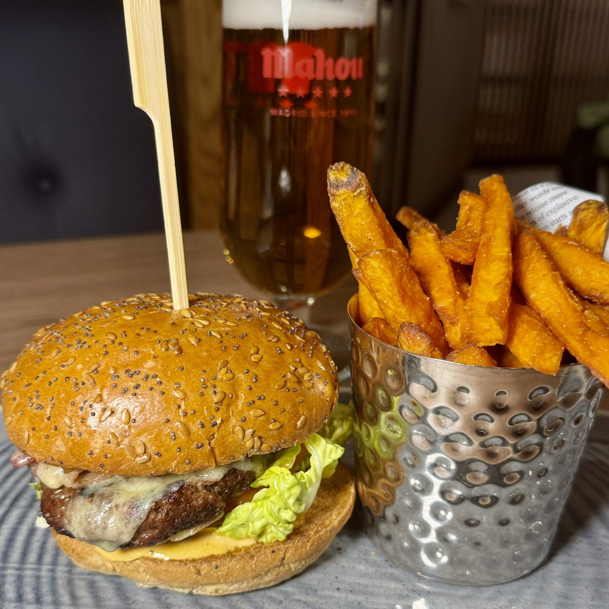 Fans of a burger won’t grumble at this offering; full of flavour, and with a pleasingly dense texture, this Beef was juicy and filling. I was pleased to discover that the Bun that housed everything was toasted, preventing it from becoming soggy and claggy with the House Burger Sauce and Mayonnaise. Lightening the flavour profile were crisp Lettuce, slices of sweet-tasting Fresh Tomato and sharp Red Onion, all ably assisted by melting, tangy Mature Cheddar Cheese. I had chosen to swap my skin-on Fries for their [in my opinion] better cousins, Sweet Potato morsels; it only costs a quid more to do this, so why not? The Sweet Potato Fries were just as plentiful as the ‘ordinary’ ones and came in the same hammered metal ‘bucket’ as His Nibs’ ones had done, separate from the Burger.
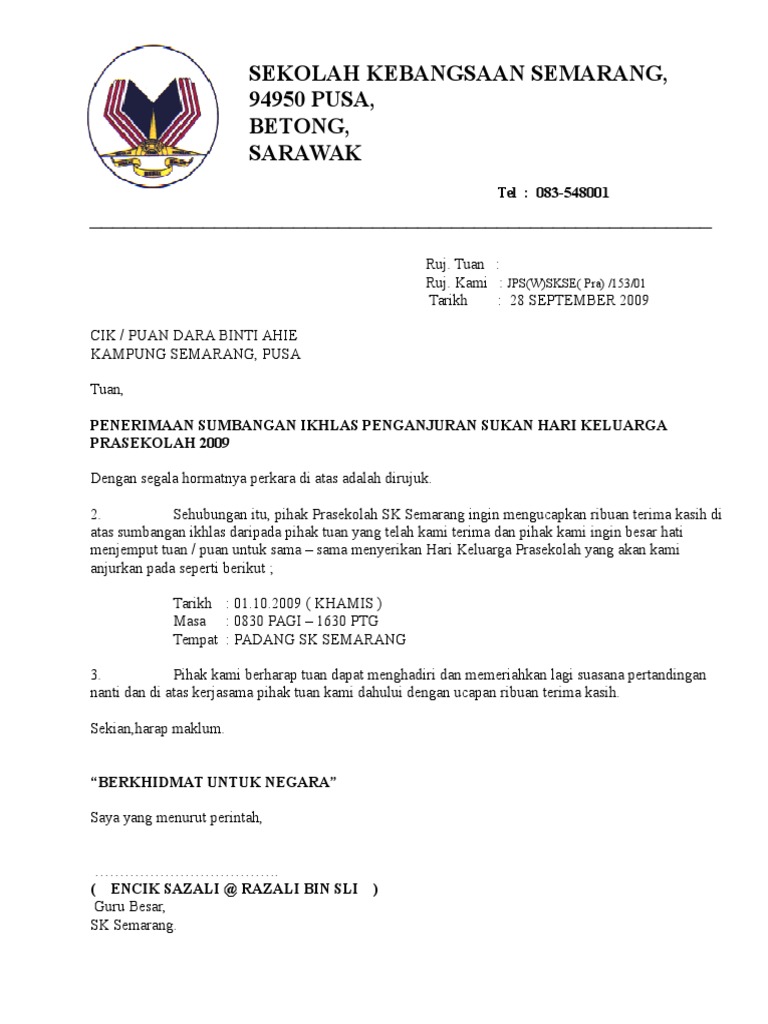 Contoh Surat Rasmi Hari Keluarga Noted G Otosection
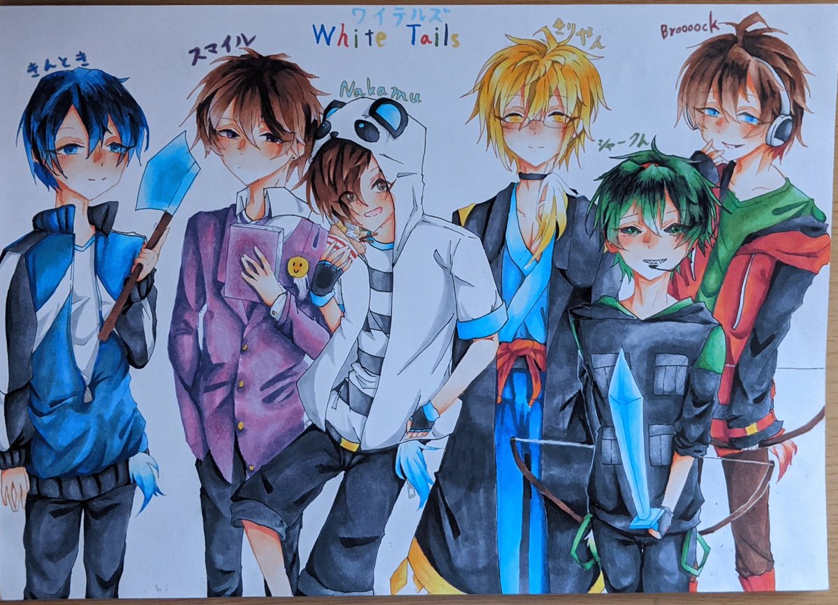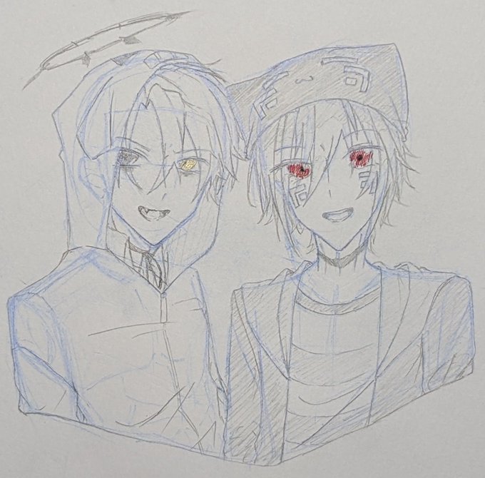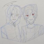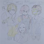 #50人イラフト #koutanアート #蜘蛛スケッチブック なっしーさんはFAタグが分からない… ラフの線は残したままだし色塗りも雑な落書きですがm(_ _)m (この3人が一緒に喋っているのを初めて聴いた時、似すぎててガチでびっくりしました)
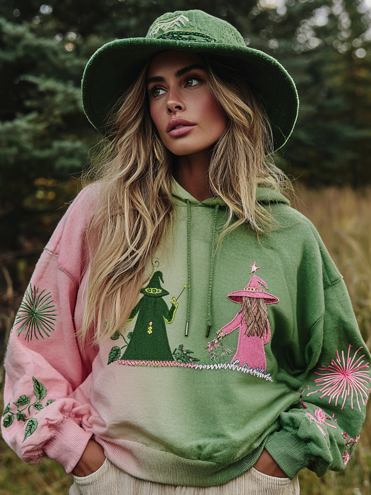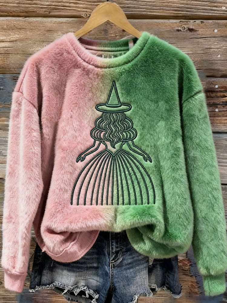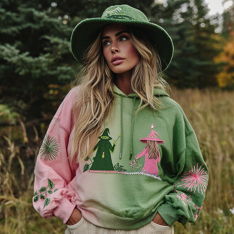 Halloween 2025 Witch Glitter Embroidered Contrast Gradient Sweatshirt
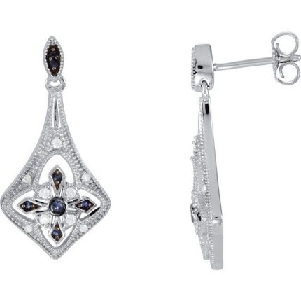 Sterling Silver Natural Blue Sapphire & 1/6 CTW Natural Diamond Earrings
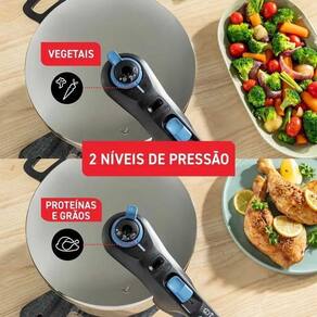 Panela De Pressao Inox 8L Fechamento Externo A Panela Rochedo Inox Trendy 8L combina a elegância e a resistência do aço inox em um só produto Com fechamento externo e capacidade de 8L, possui botão auxiliar que oferece facilidade na hora de abrir e fechar. Quanto à segurança, você pode ficar tranquilo A Rochedo Inox Trendy possui 5 sistemas de segurança, garantindo total proteção durante o uso: 1 - Válvula de segurança: controla a pressão interna; 2 -Janela de segurança: libera o excesso em caso de entupimento nos demais sistemas; 3 -Trava interna: abertura somente após o término da pressão interna; 4 - Tampa fecha fácil: garante o fechamento correto da tampa; 5 - Indicador : pino interno na cor vermelha indica se a panela está sob pressão. Essa panela possui dois níveis , para preservar os nutrientes e garantir o cozimento adequado: um para ingredientes mais robustos, como proteínas e grãos, e outro para preparar alimentos mais delicados, como vegetais. Com fundo triplo, o calor é distribuído de maneira uniforme, resultando em um cozimento mais rápido e homogêneo, o que também contribui para a economia de energia. E a melhor parte Ela é compatível com todas as fontes de calor, incluindo indução. Descubra a Panela Rochedo Inox Trendy 8L, a escolha perfeita para preservar os nutrientes dos seus alimentos com a máxima segurança
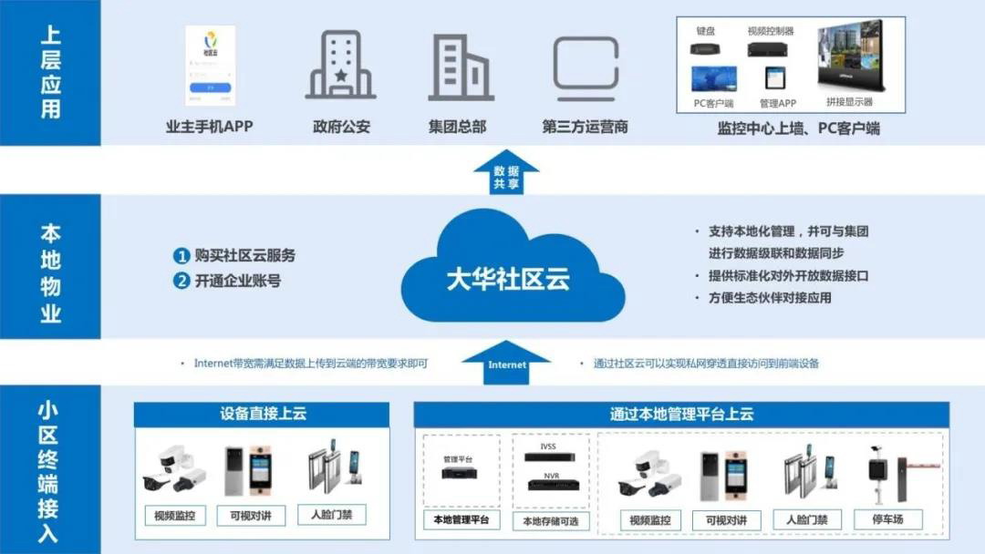 大華智慧地產社區云解決方案,讓社區生活智慧化、品質化,通過融合物聯網、大數據、視頻云多領域核心技術,專為社區打造公有云SaaS服務,實現小區人員、車輛、視頻數據整合,為運營管理提供強大支撐,為社區居民生活提供便捷體驗。
+ + + +
Exercise. Keep to the lines above from the line with "#50人イラフト #koutanアート #蜘蛛スケッチブック" to the line with "Sterling Silver Natural", and set down exactly those, inclusive, with nothing else and every picture left out.

Answer section.
 #50人イラフト #koutanアート #蜘蛛スケッチブック なっしーさんはFAタグが分からない… ラフの線は残したままだし色塗りも雑な落書きですがm(_ _)m (この3人が一緒に喋っているのを初めて聴いた時、似すぎててガチでびっくりしました)
 Halloween 2025 Witch Glitter Embroidered Contrast Gradient Sweatshirt
 Sterling Silver Natural Blue Sapphire & 1/6 CTW Natural Diamond Earrings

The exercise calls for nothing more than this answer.